The following has been downloaded from the Gard marine insurance company's website. While I congratulate Gard on taking up this issue, I am disappointed that lifeboat "users" were not invited to join this seminar.


On the 18th of October an unprecedented number of industry participants met at a seminar organised by Gard, at their head office in Arendal, to discuss the issues surrounding the use of ‘onload’ lifeboat release hooks. A wide range of stakeholders including ship owners, life boat and hook manufacturers, classification societies, flag state representatives, P&I Clubs and a senior representative from the IMO, debated how injuries and deaths involving these hooks, which occur mainly during mandatory drills, could be avoided. The conference was both technical and practical with three survival crafts and a number of life boat hooks on display as well as video presentations showing the latest hook designs.



Alf Martin Sandberg, Senior Technical Adviser, who has been studying this issue on behalf of Gard for some years commented ”This is a complicated subject. There are more than 70 different hook designs on the market and there are no clear statistics on accidents where they are involved. This makes arriving at an industry consensus very difficult, but there is no doubt that these injuries and deaths are unacceptable. This is a very serious issue and one that we felt needed to be debated by everyone involved – which is why we organised this first ever seminar on the subject.

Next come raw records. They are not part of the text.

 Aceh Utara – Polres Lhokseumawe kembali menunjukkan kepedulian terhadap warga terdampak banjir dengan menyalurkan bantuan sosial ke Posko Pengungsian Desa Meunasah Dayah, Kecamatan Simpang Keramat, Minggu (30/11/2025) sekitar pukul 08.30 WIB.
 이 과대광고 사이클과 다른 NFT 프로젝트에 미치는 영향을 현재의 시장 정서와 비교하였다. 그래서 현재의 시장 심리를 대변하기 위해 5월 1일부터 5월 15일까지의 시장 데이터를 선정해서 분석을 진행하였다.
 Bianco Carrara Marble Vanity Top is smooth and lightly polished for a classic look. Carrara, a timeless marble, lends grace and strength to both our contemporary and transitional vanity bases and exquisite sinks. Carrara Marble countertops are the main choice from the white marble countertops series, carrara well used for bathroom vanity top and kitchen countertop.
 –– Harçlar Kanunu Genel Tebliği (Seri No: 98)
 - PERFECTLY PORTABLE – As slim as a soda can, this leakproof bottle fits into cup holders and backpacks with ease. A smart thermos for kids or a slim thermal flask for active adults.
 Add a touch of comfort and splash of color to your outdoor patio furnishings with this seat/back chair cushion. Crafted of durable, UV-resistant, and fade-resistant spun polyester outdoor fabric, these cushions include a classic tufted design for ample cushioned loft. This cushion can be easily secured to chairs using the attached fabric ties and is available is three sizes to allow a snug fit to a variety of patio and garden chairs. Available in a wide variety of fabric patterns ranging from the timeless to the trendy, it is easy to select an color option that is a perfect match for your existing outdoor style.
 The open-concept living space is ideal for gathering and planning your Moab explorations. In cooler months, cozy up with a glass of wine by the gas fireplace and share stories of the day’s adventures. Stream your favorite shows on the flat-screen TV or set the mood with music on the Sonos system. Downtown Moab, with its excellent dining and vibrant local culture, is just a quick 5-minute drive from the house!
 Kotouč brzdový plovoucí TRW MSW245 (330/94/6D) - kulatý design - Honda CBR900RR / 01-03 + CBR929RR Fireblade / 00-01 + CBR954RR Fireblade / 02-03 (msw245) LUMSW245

"Hundreds of people have been involved in accidents during the last 20 years and Gard alone has seen one death and six serious injuries this year due to accidents involving ‘onload’ hook failure during lifeboat drills. As a result, lifeboat drills generate fear in seamen. In addition to the tragic crew accidents with these hooks, P&I clubs are also facing the enormous potential exposure of a worst case scenario involving an ‘onload’ hook failure on a cruise ship lifeboat (which carry as many as 150 people) in a real-life emergency. The objective of the seminar was to explore the options available with all the interested parties.


----------